Question

In: Economics

Do the following present value problems. You must set up all present value problems before calculation....

Do the following present value problems. You must set up all present value problems before calculation. Merely writing down the answer (even if it is correct) is an automatic zero. You must show your work.

a. Suppose we have a four year fixed-payment loan with $1000 payments made at the end of each year. Given a market interest rate of 12 percent, how much was initially borrowed?

b. Suppose you were considering purchasing a $5000 machine today that would generate additional net profit of $2000 booked at the end of each year. Assuming you need a 15 percent return to justify the investment, would the investment be worth doing if you had only three years of payouts? Would your answer change if you had four years of $2000 payouts? Why or why not.

c. Consider two zero coupon bonds in which you receive $100 at the maturity date, one maturing in three years and one maturing in five years. Both are currently priced to yield 6 percent. Calculate the current market value of each bond?

Solutions

Expert Solution

a. Suppose we have a four year fixed-payment loan with $1000 payments made at the end of each year. Given a market interest rate of 12 percent, how much was initially borrowed?
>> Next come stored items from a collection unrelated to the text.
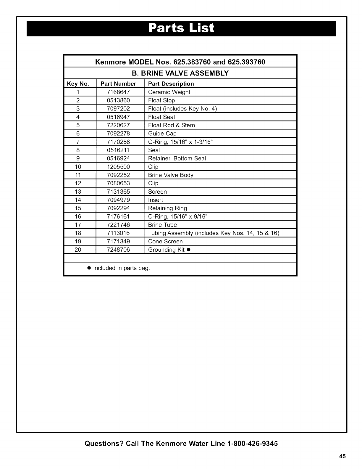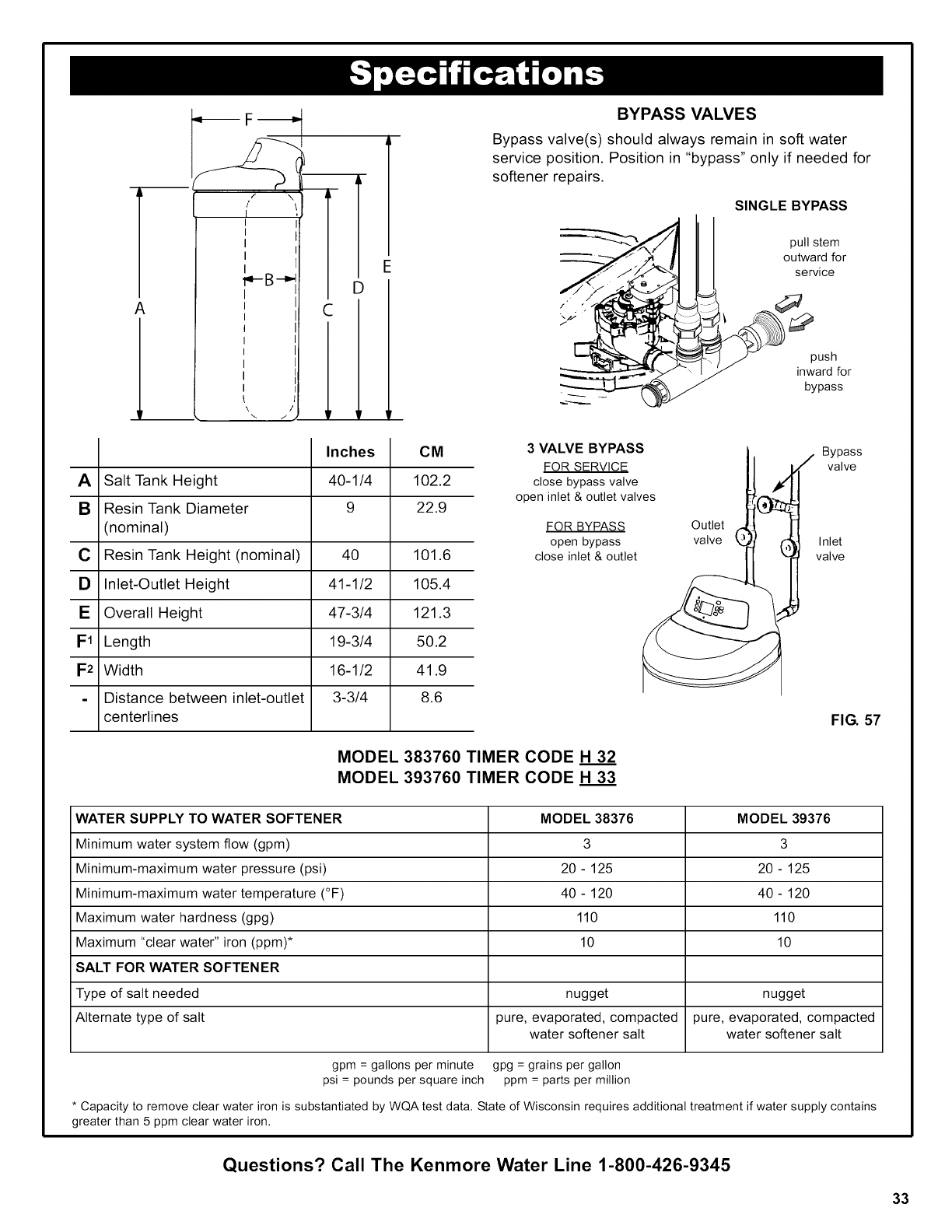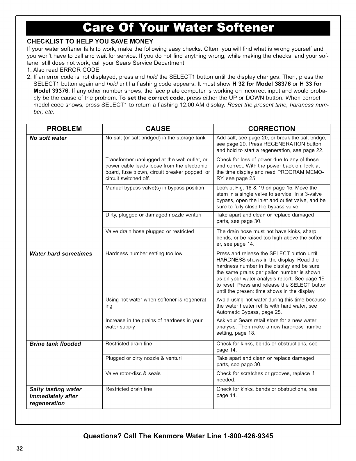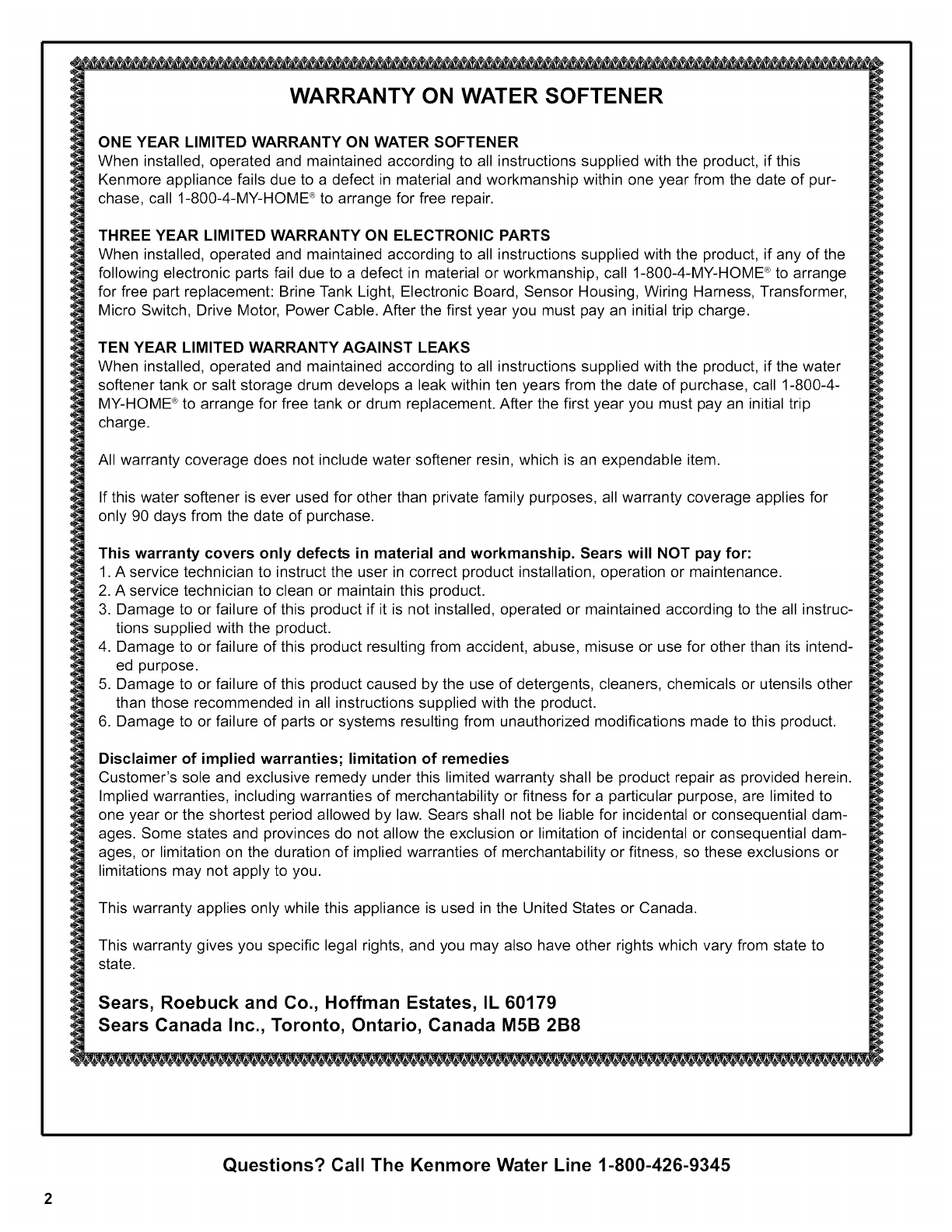 Questions? Call The Kenmore Water Line 1-800-426-9345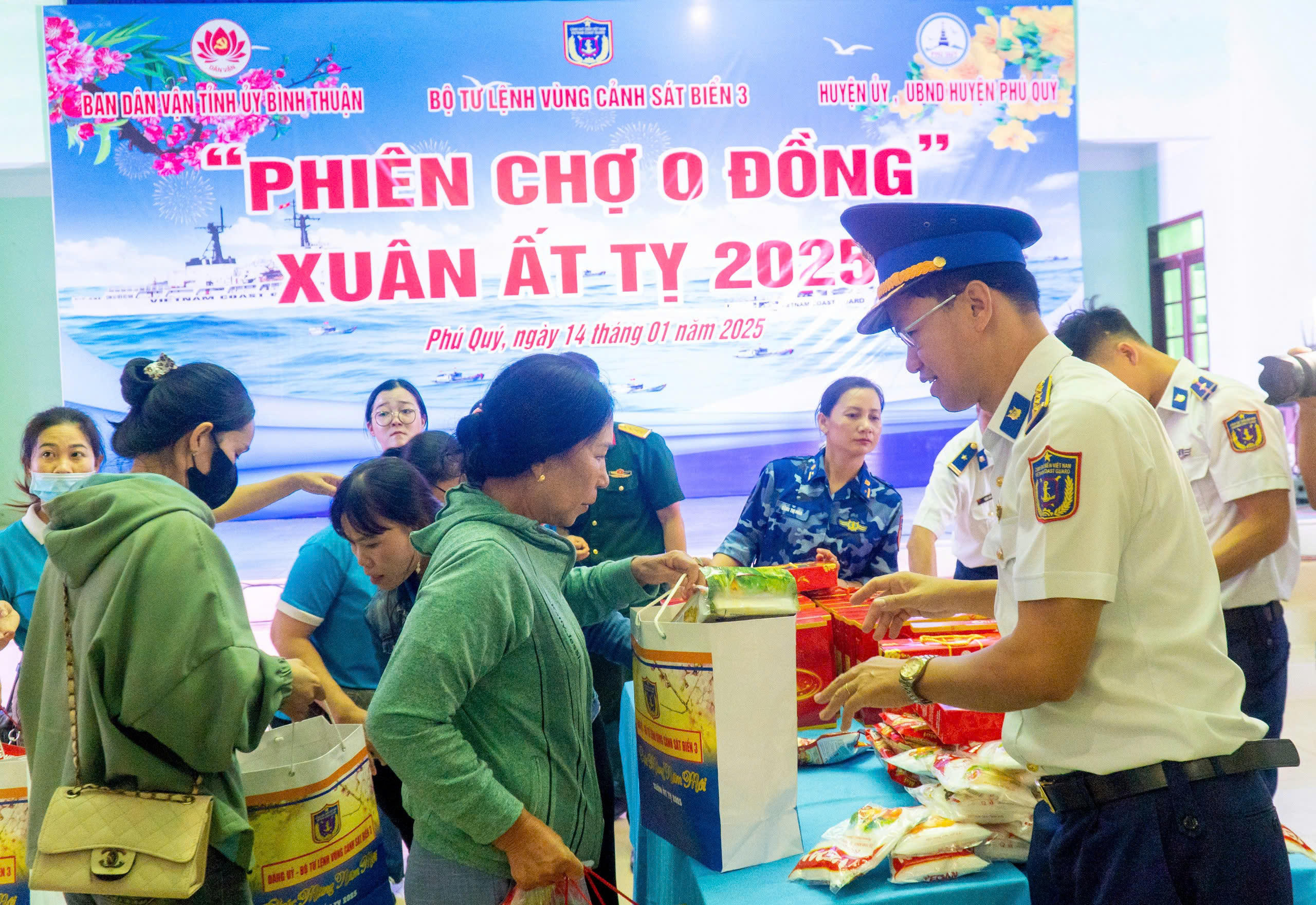 Cùng thời gian trên, sự kiện “Phiên chợ Tết 0 đồng” cũng được Đoàn công tác tổ chức nhằm hỗ trợ ngư dân và các gia đình chính sách có hoàn cảnh khó khăn. 100 phiếu mua hàng miễn phí đã được trao tặng, giúp người dân có thể mua sắm các nhu yếu phẩm để đón Tết Nguyên đán ấm cúng hơn. Những phần quà này không chỉ mang ý nghĩa vật chất mà còn thể hiện sự quan tâm, chia sẻ từ lực lượng quân đội và chính quyền với các hộ có hoàn cảnh khó khăn nơi đảo xa.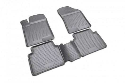 Полиуретановые коврики для автомобиля гладкие, приятные и не пропускают влагу. Черный цвет универсален и подойдет любому авто. В комплекте вы получите 4 коврика в салон автомобиля.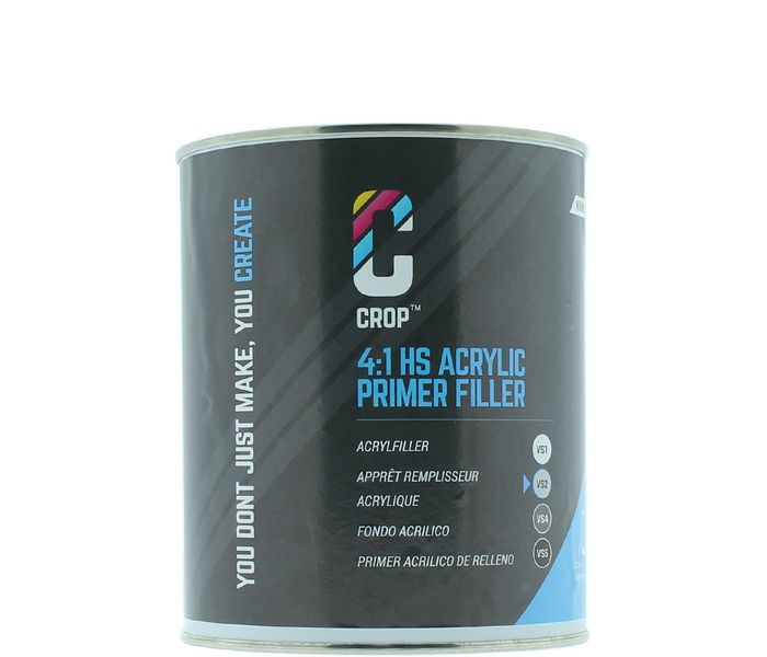 CROP HS Acrylic Primer Filler VS2 è un fondo High Solid ( Alto Solido ) di colore grigio con una buona capacità riempitiva che aderisce fortemente a metallo, alluminio, acciaio zincato, su primer plastico, stucco e vernice esistente, ideale per la verniciatura completa o parziale riempiendo le superfici irregolari come piccoli fori, crepe, microfori, graffi di carteggiatura e altre imperfezioni, inoltre, questo fondo è ad asciugatura rapida e può essere facilmente carteggiato per ottenere una superficie liscia prima di verniciare con vernici 2K o con vernici 1K a base d'acqua o solvente.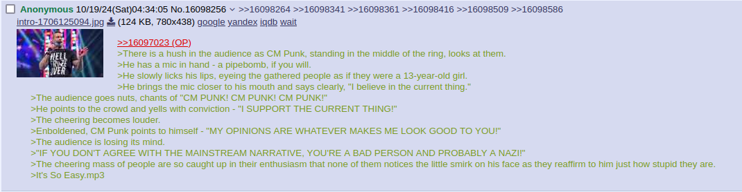 It's ironic he was ever named punk considering this dude has the most cum guzzling normie opinions it is possible to hold.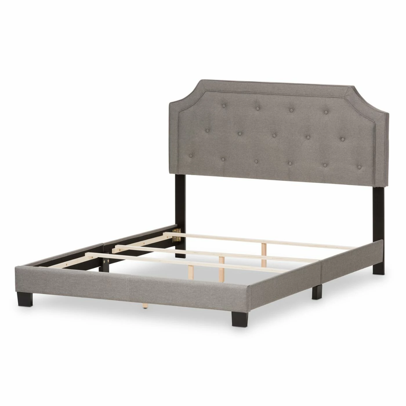 The notched headboard of this HN Home Carlsbad Transitional Low Profile Bed is fully upholstered, button tufted, and trimmed in piping. Low profile footboard and rails are upholstered to match. The bed comes in your choice of available polyester fabric color and size option.

Ans: PV = amount initially borrowed

= $1000 / 1.12 + $1000/1.12^2 + $1000/1.12^3 + $1000/1.12^4

= $3037.35

b. Suppose you were considering purchasing a $5000 machine today that would generate additional net profit of $2000 booked at the end of each year. Assuming you need a 15 percent return to justify the investment, would the investment be worth doing if you had only three years of payouts? Would your answer change if you had four years of $2000 payouts? Why or why not.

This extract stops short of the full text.